Please output the records below word for word and omit the pictures.
━━━
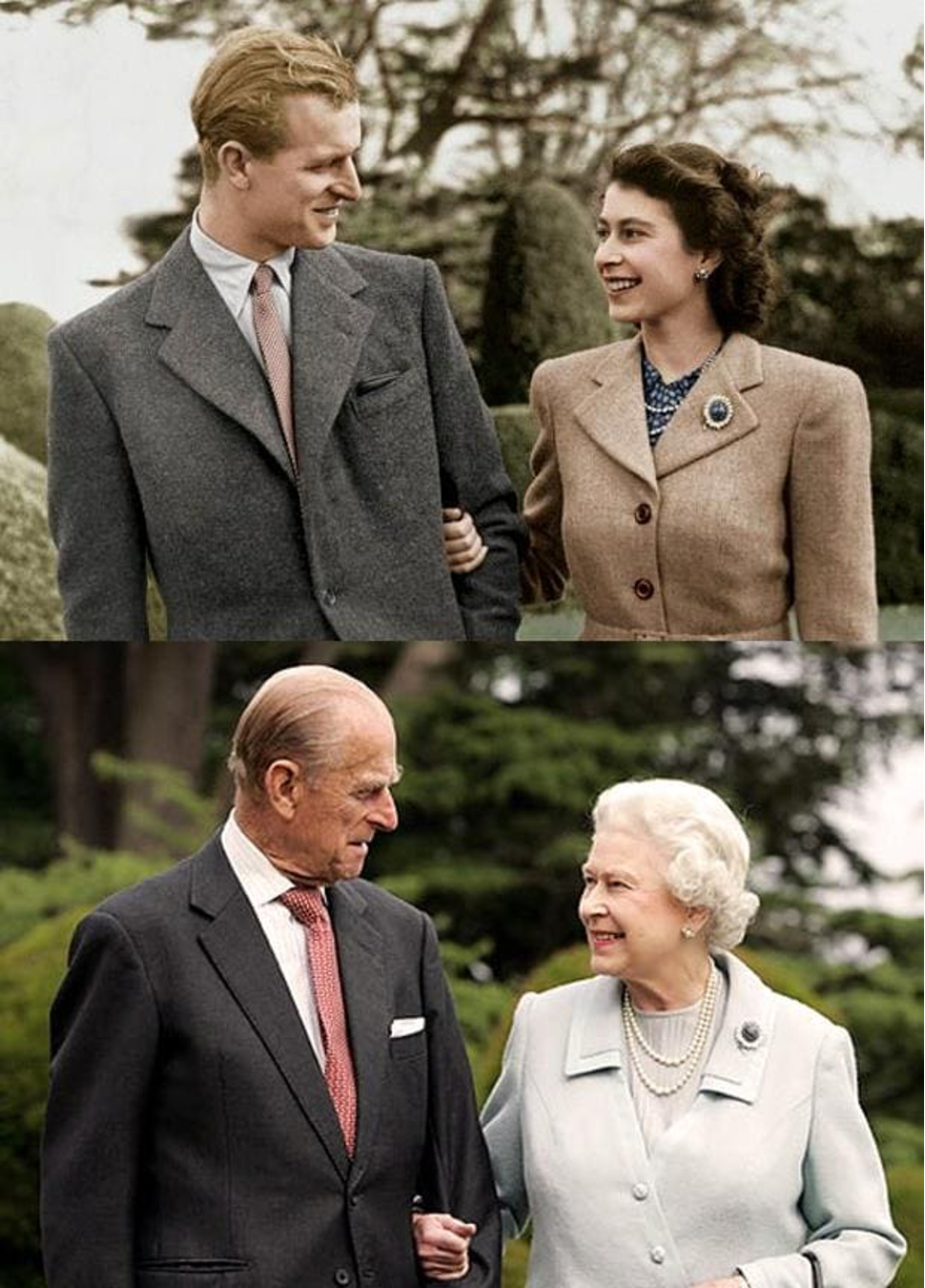 Своего будущего мужа Елизавета впервые встретила в детстве: ей было 8 лет, ему — 13. Во время Второй мировой она писала ему письма на фронт и ждала возвращения мужчины, ставшего к 1945-му году лейтенантом. Отец не одобрил выбор дочери — его не устраивало, что род юноши обнищал и имел связи с нацистами. Несмотря на мнение Георга VI, девушка осталась верна своим чувствам и прожила в браке с мужем 73 года.
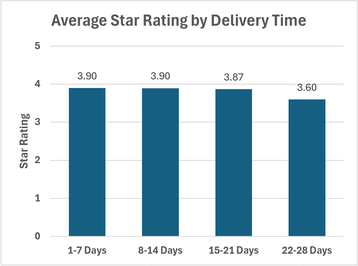 - Delivery: Delivery speed shows minimal relationship with customer ratings.
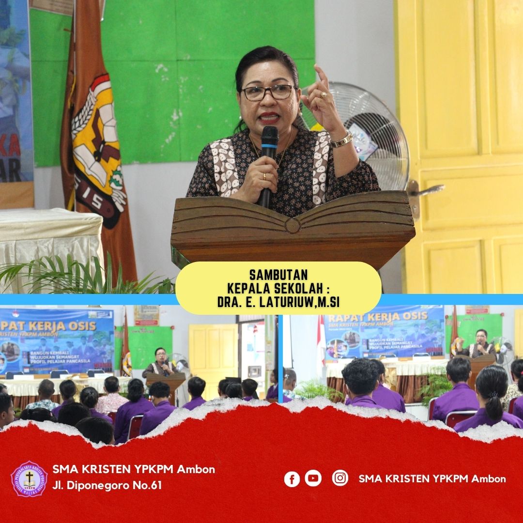 SMA Kristen YPKPM Ambon, menggelar rapat kerja Osis periode 2022/2023 di Aula sekolah. Tugas Organisasi Siswa Intra Sekolah ( OSIS ) haruslah mempropagandakan praktek-praktek baik sebagai implementasi profil pelajar Pancasila karena SMA Kristen YPKPM adalah sekolah penggerak angkatan pertama di kota Ambon. sesuai tema “ Bangun kembali wujudkan semangat profil pelajar Pancasila“ demikianlah sambutan Ibu Kepala SMA Swasta Kristen YPKPM Ambon Dra E. Laturiuw, M.Si dalam rapat kerja yang digelar pengurus OSIS SMA Swasta Kristen YPKM Ambon pada hari Sabtu, 3 September 2022 yang bertempat di aula sekolah.
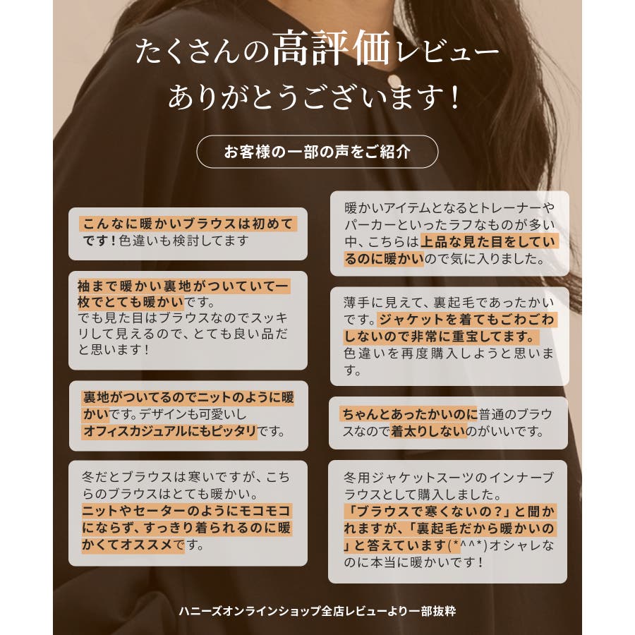 投稿日:2025.12.06スーツのジャケットの下に1枚できても温かいです。安っぽい感じもあまりありません。内側のフリース素材の、縫い目が肌がわにありますが、このブラウスの下にヒートテックをきれば気になりません。
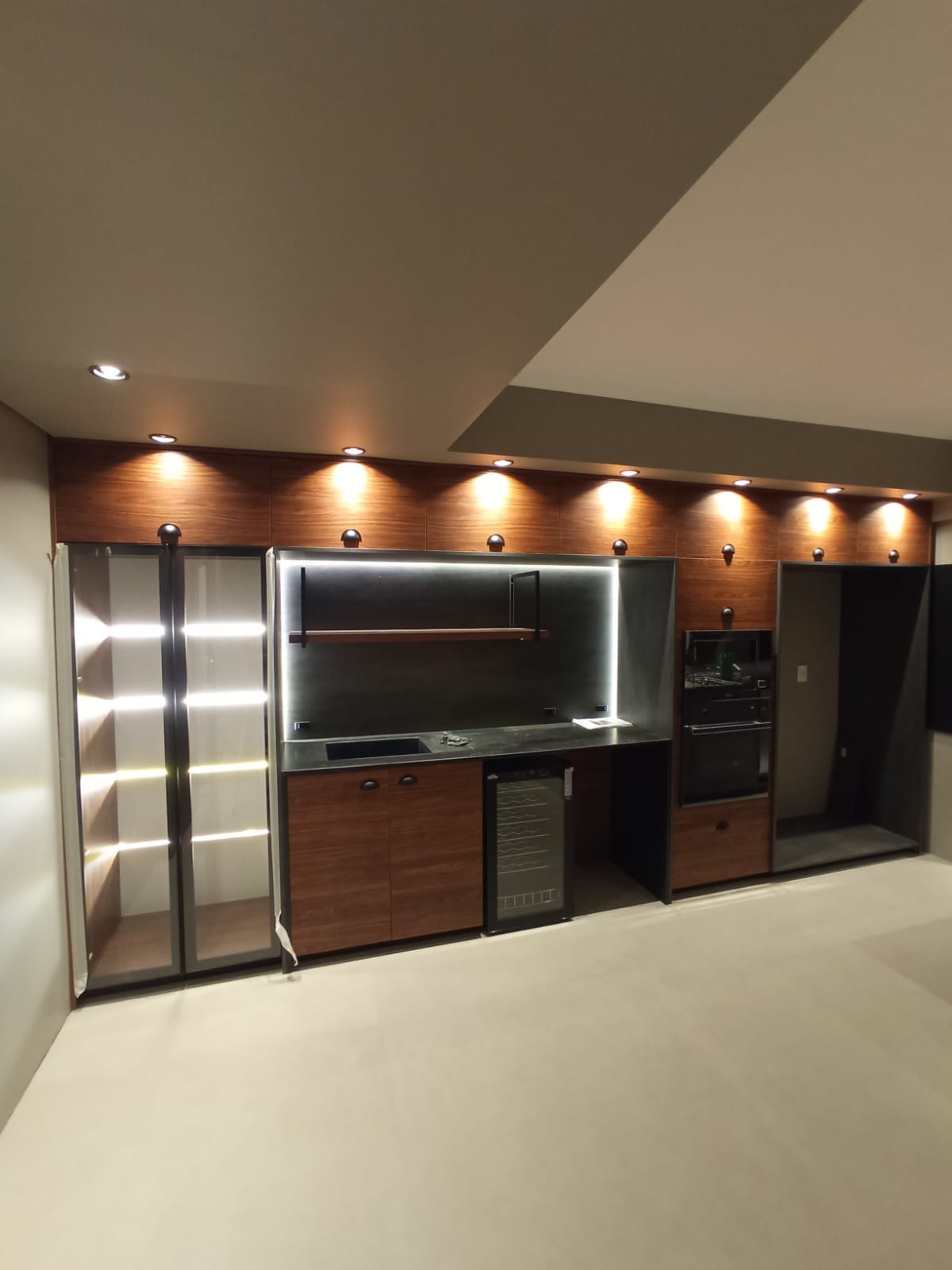 Bastidores de uma finalização de montagem deste salão de festas planejado para impactar, destaque na iluminação da ilha que confere enobrece o ambiente.
━━━
> [SOLUTION FOR THIS EXERCISE]
 Своего будущего мужа Елизавета впервые встретила в детстве: ей было 8 лет, ему — 13. Во время Второй мировой она писала ему письма на фронт и ждала возвращения мужчины, ставшего к 1945-му году лейтенантом. Отец не одобрил выбор дочери — его не устраивало, что род юноши обнищал и имел связи с нацистами. Несмотря на мнение Георга VI, девушка осталась верна своим чувствам и прожила в браке с мужем 73 года.
 - Delivery: Delivery speed shows minimal relationship with customer ratings.
 SMA Kristen YPKPM Ambon, menggelar rapat kerja Osis periode 2022/2023 di Aula sekolah. Tugas Organisasi Siswa Intra Sekolah ( OSIS ) haruslah mempropagandakan praktek-praktek baik sebagai implementasi profil pelajar Pancasila karena SMA Kristen YPKPM adalah sekolah penggerak angkatan pertama di kota Ambon. sesuai tema “ Bangun kembali wujudkan semangat profil pelajar Pancasila“ demikianlah sambutan Ibu Kepala SMA Swasta Kristen YPKPM Ambon Dra E. Laturiuw, M.Si dalam rapat kerja yang digelar pengurus OSIS SMA Swasta Kristen YPKM Ambon pada hari Sabtu, 3 September 2022 yang bertempat di aula sekolah.
 投稿日:2025.12.06スーツのジャケットの下に1枚できても温かいです。安っぽい感じもあまりありません。内側のフリース素材の、縫い目が肌がわにありますが、このブラウスの下にヒートテックをきれば気になりません。
 Bastidores de uma finalização de montagem deste salão de festas planejado para impactar, destaque na iluminação da ilha que confere enobrece o ambiente.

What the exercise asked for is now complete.